Essentially folk / blues in it's make up, this is a collection of songs of intense quality and breathtaking emotion. Dylan is on spectacular form and delivers each track with the depth of feeling that suggests he was personally involved with the story line of each one.
This is one of the finest albums I have ever heard and has been played to death since I bought it. I defy anyone not to connect with one or two of the songs and would describe it as educational and essential for any music lovers collection.
Wonderful
AN ENCAPSULATION OF ALL EMOTIONS
Listen to this loud and alone,without distractions,and have the lyric sheet near at hand.This will make you think,listen again and think some more.In possibly his greatest work Dylan expresses one or more emotions to which we can all relate somewhere or at sometime.If you want the antithesis of manufactured image driven substanceless pop you have found it.
Although there was some very good intervening material,Dylan would not produce anything of this quality again until 1997 when Grammy winner Time Out of Mind enriched our lives and on which his masterpiece Not Dark Yet appears.

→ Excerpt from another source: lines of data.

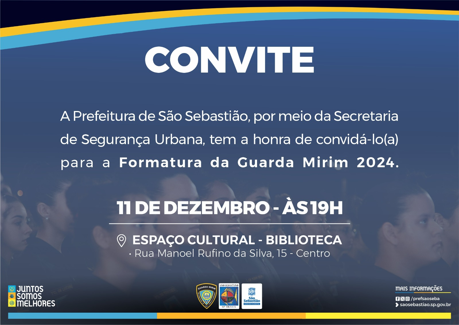 A Prefeitura de São Sebastião realiza, nesta quarta-feira (11), a partir das 19h, no Espaço Cultural da Biblioteca, a formatura de 113 guardas mirim da turma de 2024. Este grupo passou pelo curso de formação no período de fevereiro a novembro deste ano.
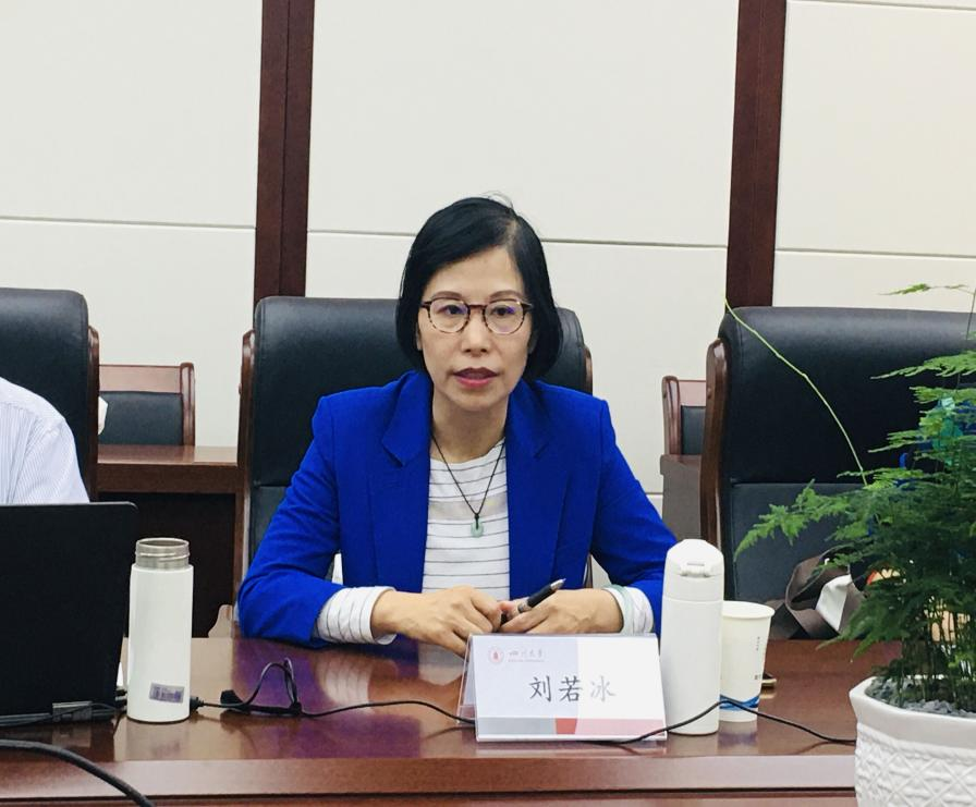 四川大学就业指导中心刘若冰副处长向来访人员介绍了川大学生近年就业情况以及四川大学开展高质量就业的四个引领计划。
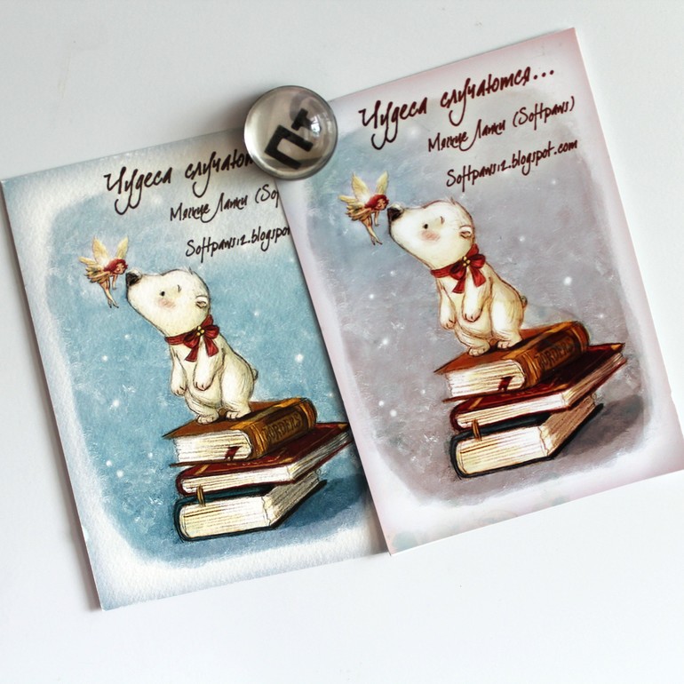 Открываем и видим милую открытку! Она как нарисованая! С очень трогательной надписью!
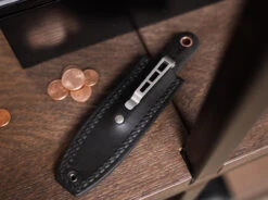 - with leather sheath with integrated clips
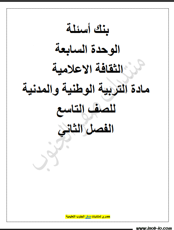 PDF ‏‏‏‏بنك اسئلة 50 سؤال وجواب الوحدة (7) الثقافة الإعلامية لمادة التربية الوطنية الصف التاسع الفصل الثاني

One of these two is his best and which may depend on your mood when you listen.
Blood On The Tracks best track? That is a very difficult question and in many ways it only exists as a whole work but,if pressed, Shelter From The Storm. Pure Genius
Tangled up in a 5-star 30 year old classic
Some personal stuff first: hearing Tangled Up In Blue under the bedclothes on late night radio, when I should have been revising for O' Levels, first turned me on to this album - and to the power of poetry and the blues. Until punk came along and shifted my musical axis, this album was rarely off my turntable...ultimately the turntable broke and got replaced by a CD player, so that it has been twenty years since I listened to this album. I finally got around to buying it on CD 6 months ago - and it sounds as great and moving as it first did to the callow teenager under the bedclothes.
There's never been a doubt about Dylan's lyrical ability, but the poetry, combined with narrative flow, of Tangled Up in Blue, Simple Twist of Fate and Lily, Rosemary and the Jack of Hearts turn them into real "tours de force". The emotional connection that You're Gonna Make Me Lonesome When You Go, If You See Her, Say Hello and Shelter From the Storm make - and the sweet bitterness of Idiot Wind and Buckets of Rain - really hit the spot. Oh - and the melodies are strong too. These are Dylan tunes you can hum along too, if you're so inclined.
Surely every music lover has this album already?
Dylan may not be my favourite artiste of all time - but if I could take just one album with me when I die, it would be this one.